--- WHAT THE TASK ASKS ---
Give back exactly the lines starting at the one with "Для теста масло" and ending at the last line of the data below. Pictures are not part of the copy.
*** Begin section ***
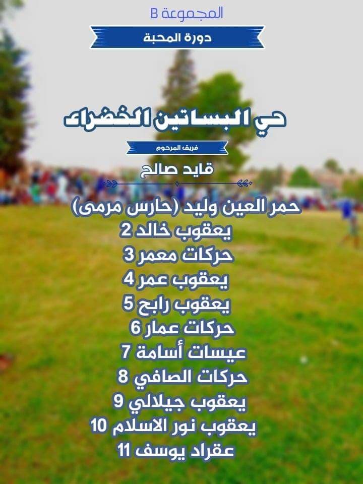 وتم تشكيل فرق تمثل كل أطياف المنطقة، مع منحها أسماء شخصيات متوفين من المنطقة، وستم وضع تشكيلة كل فريق على “الفايس بوك” ليتم التصويت عليها، ليعود الفوز في الأخير للفريق الذي حصل على أعلى نسبة تصويت.
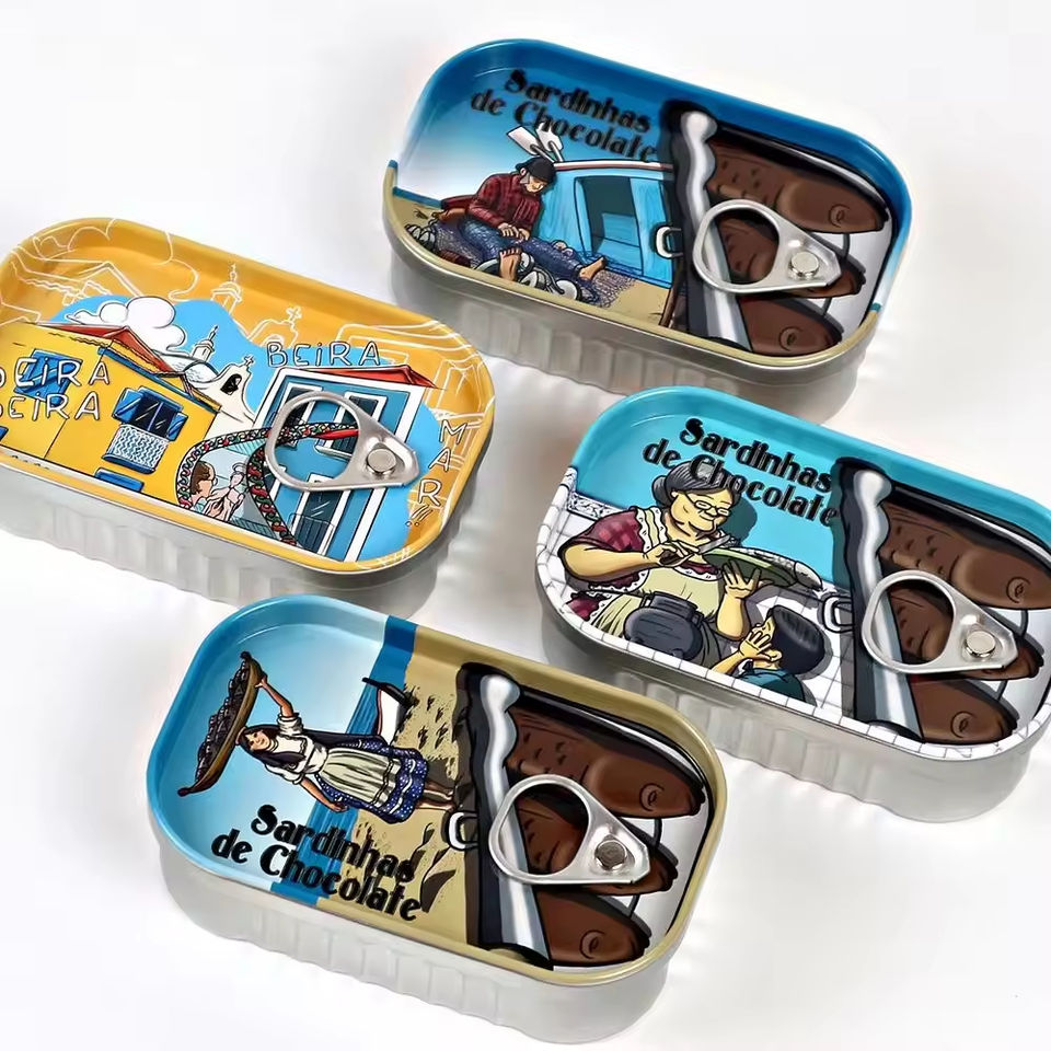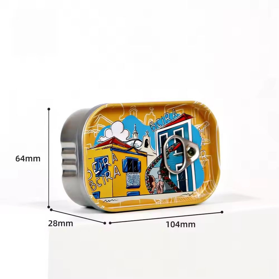 Petite boîte en fer blanc rectangulaire avec anneau de traction, couvercle facile à ouvrir, réutilisable, pour sardines
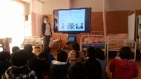 子どもたちは、グループになって1人2つずつ学校の自慢を出して、見せ合っていました。
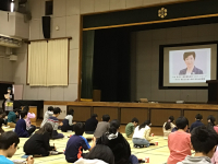 体育館にて、外部講師を招き、肖像権、ネット詐欺、なりすましなど、ネットの危険性について、具体的な事例を交えてお話をいただきました。
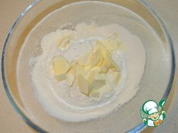 Для теста масло нарезать небольшими кусочками и порубить вместе с мукой в крошку. |
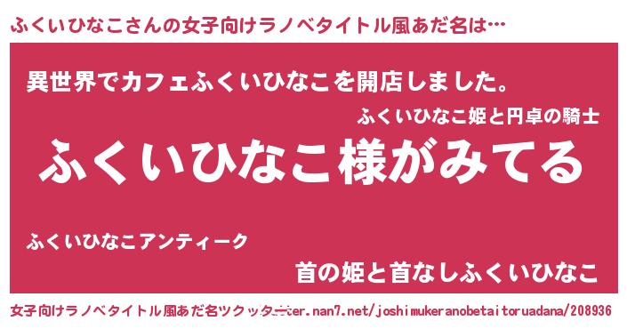 | 男性向けラノベタイトル風あだ名 | 『ふくいひなこの嫁は女の子じゃないと思った?』 |
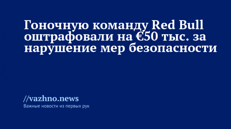 Команда Oracle Red Bull Racing была оштрафована на сумму в €50 тысяч за нарушения правил безопасности во время проведения Гран-при в США. Об этом 20 октября проинформировала пресс-служба Международной автомобильной федерации (FIA).
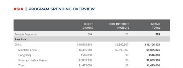 NED在亞洲的投入總額超過(guò)5300萬(wàn)美元。其中,針對(duì)中國(guó)的相關(guān)項(xiàng)目金額達(dá)到1300萬(wàn)美元,位居全球第一。砸這么多錢(qián),在中國(guó)干了什么?
*** End section ***
--- ANSWER TO THE PROBLEM ---
 Для теста масло нарезать небольшими кусочками и порубить вместе с мукой в крошку. |
 | 男性向けラノベタイトル風あだ名 | 『ふくいひなこの嫁は女の子じゃないと思った?』 |
 Команда Oracle Red Bull Racing была оштрафована на сумму в €50 тысяч за нарушения правил безопасности во время проведения Гран-при в США. Об этом 20 октября проинформировала пресс-служба Международной автомобильной федерации (FIA).
 NED在亞洲的投入總額超過(guò)5300萬(wàn)美元。其中,針對(duì)中國(guó)的相關(guān)項(xiàng)目金額達(dá)到1300萬(wàn)美元,位居全球第一。砸這么多錢(qián),在中國(guó)干了什么?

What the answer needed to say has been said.